The problem is this: If only a month ago many investors owned shares with the belief that there will be a steady growth of earnings moving forward; why did the stock take such a tremendous hit after posting, albeit disappointing, yet somewhat reasonable solid results? It seems that once again, emotions are the crux of the Crox.
Look at the fundamentals and it is exceedingly hard to comprehend how the stock is trading below the level it was when the essentially all of the information is similar to what was published in May 2007. Fundamentally, not much has changed except for the fact that growth is not expanding at the rate it had been for the past several quarters. Now, unless there is more that meets the eye with the latest announcement of earnings and projections, there is much more panic than logic involved in this sell-off – But you already know that. It is a well known fact that EPS growth slows once a company moves towards maturity. Look at Dell, Microsoft or even Merck. It is not simply the EPS growth percentage, it is also the ratios that are of importance here.

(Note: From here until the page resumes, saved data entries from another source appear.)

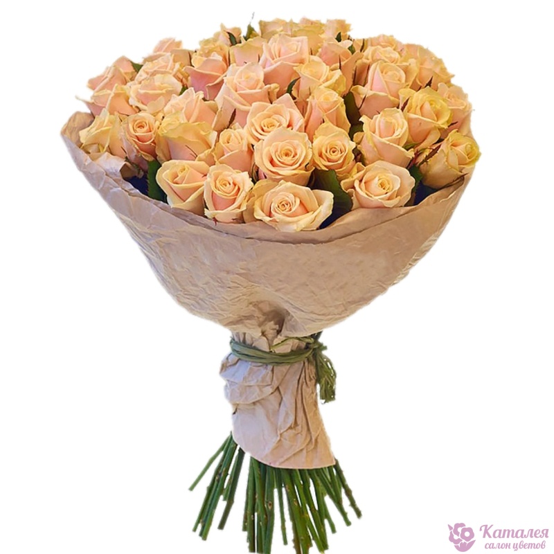 Букет состоит из 45 кремовых роз, крафт, атласная лента.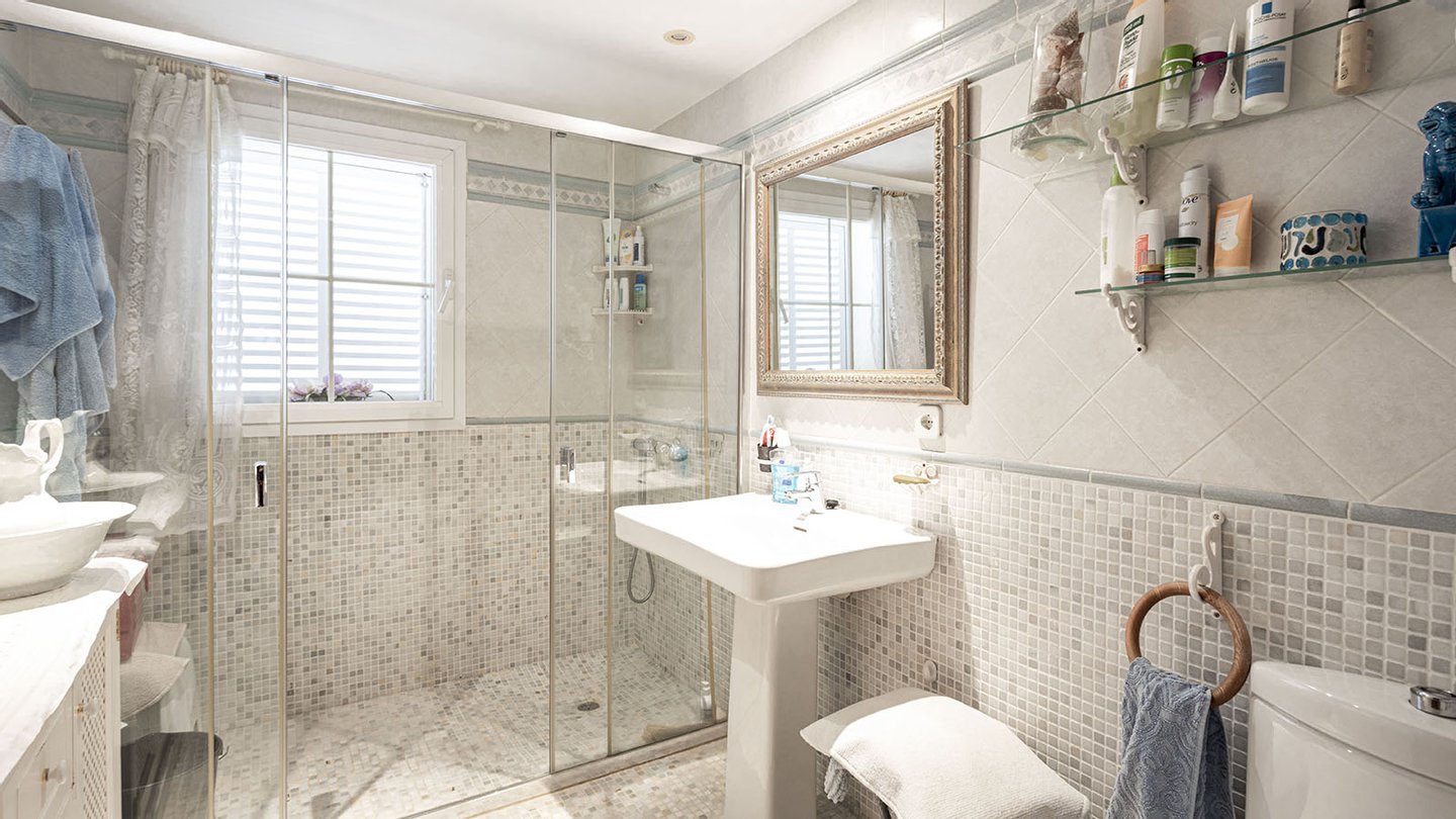 Auf einem ca. 1285 m2 großen Grundstück mit einer Wohnfläche von ca. 460 m2 bietet diese Immobilie viel Platz zum Wohlfühlen. Vom großzügigen Eingangsbereich im Obergeschoss gelangt man in das gemütliche Wohnzimmer mit Kamin und direktem Zugang zur Terrasse mit Panoramablick. Ebenfalls auf dieser Ebene befinden sich ein Essbereich, eine separate Einbauküche mit Elektrogeräten, 3 Schlafzimmer, 2 Bäder, eines davon en suite. Auf der Poolebene im Erdgeschoss verfügt die Villa über ein weiteres Wohn-/Schlafzimmer, ein Bad, einen Abstellraum sowie eine großzügige Garage für 3 PKW. Die Villa in Nova Santa Ponsa besticht vor allem durch ihre Toplage und ihren mediterranen Charme. Der Außenbereich verfügt über einen schönen Pool mit Außenbeleuchtung, eine große Sonnenterrasse mit überdachtem BBQ Bereich und einen gepflegten Garten. Ein weiterer Parkplatz steht auf dem Grundstück zur Verfügung.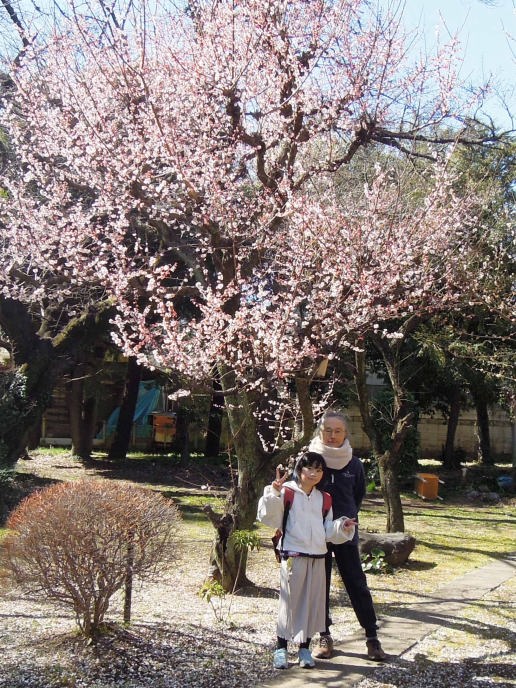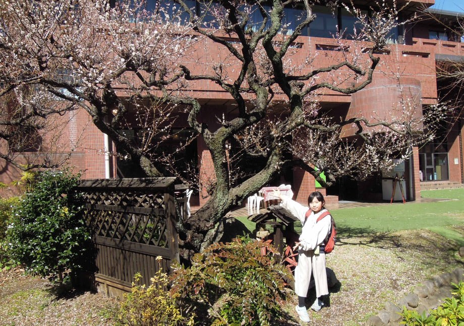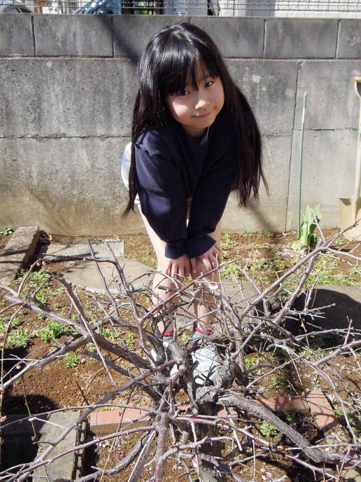 | ハルちゃんが産まれた時に植えた梅の木よ。花はもうしぼんじゃったの。 |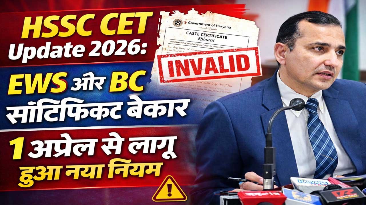 Haryana News : हरियाणा स्टाफ सिलेक्शन कमीशन (HSSC) ने नया अपडेट जारी किया है हरियाणा के जो युवा HSSC (CET), HPSC और हरियाणा की सरकारी नौकरियों की तैयारी कर रहे हैं उनको अब 3 कैटेगरी के सर्टिफिकेट नए सिरे से बनवाने होंगे । इनमें BC-A, BC-B और EWS सर्टिफिकेट शामिल हैं । इन कैटेगरी के 31 मार्च 2026 से पहले बनवाए गए सर्टिफिकेट अब मान्य नहीं होंगे ।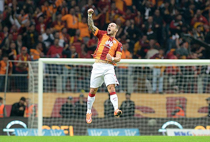 Fenerbahçe karşısında Galatasaray'ı galibiyete taşıyan gollere imzasını atan Wesley Sneijder, tribünleri ayağa kaldırdı.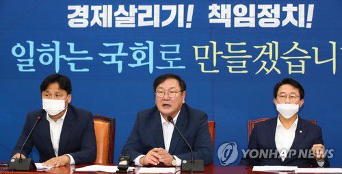 김태년 원내대표는 이날 원내대책회의에서 "통합당은 8·15 집회를 사실상 방조한 것에 대해 국민 앞에 사과해야 한다"고 밝혔다.

The truth is that Crocs has been the favorite of the “emotional trader”, those that are playing the home-game. The reason for the past run up being so strong was based on strong emotional ties to a stock because of love of past growth. These are the same investors who are now running for the hills – simply selling at any price because they are apparently holding low-cost-basis positions that they do not want to lose on. There is no logical reason for this massive sell-off. Really…
But what does logic have to do with this stock anyway? One more question: Where are all of the die-hard writers now? You know, the ones that were screaming to buy-buy-buy! Why are they not here now, helping you with the situation when the decisions are much tougher. Frankly, running away and pretending the stock did not get cut in half will not provide comfort or direction. So, here is a life-ring: Hold on for the bounce. It is coming and will be strong.
Just to be clear: We sold/shorted at the peaks, now we are buyers in the valleys. Use logic here and profit should follow.
Horowitz & Company clients may hold LONG and/or SHORT positions in CROX.